**ASSIGNMENT**
Transcribe every line below exactly; no image goes into the output.

**GIVEN MATERIAL**
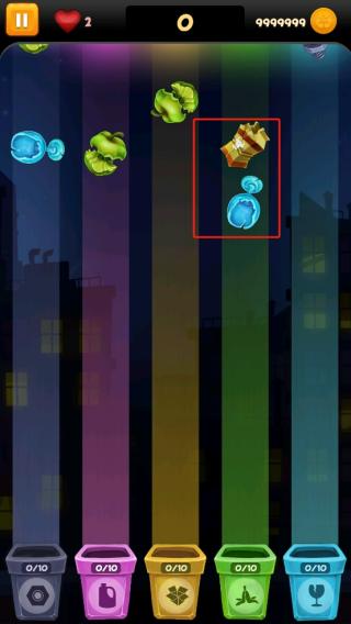 2、看到各种物品从上方落下,快速分辨其类别,拖动到对应的分类区域,注意不要放错以免影响得分。
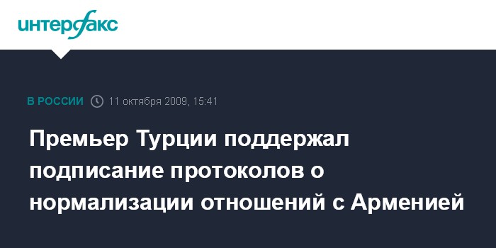 Москва. 11 октября. INTERFAX.RU - Премьер-министр Турции Реджеп Тайип Эрдоган, комментируя подписанные накануне в Цюрихе протоколы о нормализации отношений между Анкарой и Ереваном, подчеркнул важность установления добрососедских отношений с Арменией, сообщают местные СМИ.
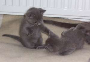 Jara was de eerste prinses die vertrok. Bij aankomst bleek dat er in het nieuwe huis nog een Blauwe Rus woonde. En niet zomaar een Blauwe Rus, maar Jimmy. Jimmy komt uit hetzelfde nestje als Ziggy (!), en daarbij hebben Jimmy en Zsa ZSa allebei dezelfde moeder. Je zou denken dat zoiets genoeg zou moeten zijn voor een warm onthaal, maar dat was dus even anders. Katten zijn daar toch wat minder emotioneel in dan mensen. Jimmy had eerder zoiets van: “Zo, een kitten op mijn territorium. Hoe lang denkt ze te blijven logeren?”. Het duurde even vooraleer het ijs gebroken was, maar uiteindelijk hebben ze elkaar toch in de armen gesloten. Jimmy is al een volwassen kater, dus bij momenten heeft hij even genoeg van het kinderachtige drukke gedrag van Jara, maar dat laat hij dan ook wel blijken.

**ANSWER FOR THE TASK**
 2、看到各种物品从上方落下,快速分辨其类别,拖动到对应的分类区域,注意不要放错以免影响得分。
 Москва. 11 октября. INTERFAX.RU - Премьер-министр Турции Реджеп Тайип Эрдоган, комментируя подписанные накануне в Цюрихе протоколы о нормализации отношений между Анкарой и Ереваном, подчеркнул важность установления добрососедских отношений с Арменией, сообщают местные СМИ.
 Jara was de eerste prinses die vertrok. Bij aankomst bleek dat er in het nieuwe huis nog een Blauwe Rus woonde. En niet zomaar een Blauwe Rus, maar Jimmy. Jimmy komt uit hetzelfde nestje als Ziggy (!), en daarbij hebben Jimmy en Zsa ZSa allebei dezelfde moeder. Je zou denken dat zoiets genoeg zou moeten zijn voor een warm onthaal, maar dat was dus even anders. Katten zijn daar toch wat minder emotioneel in dan mensen. Jimmy had eerder zoiets van: “Zo, een kitten op mijn territorium. Hoe lang denkt ze te blijven logeren?”. Het duurde even vooraleer het ijs gebroken was, maar uiteindelijk hebben ze elkaar toch in de armen gesloten. Jimmy is al een volwassen kater, dus bij momenten heeft hij even genoeg van het kinderachtige drukke gedrag van Jara, maar dat laat hij dan ook wel blijken.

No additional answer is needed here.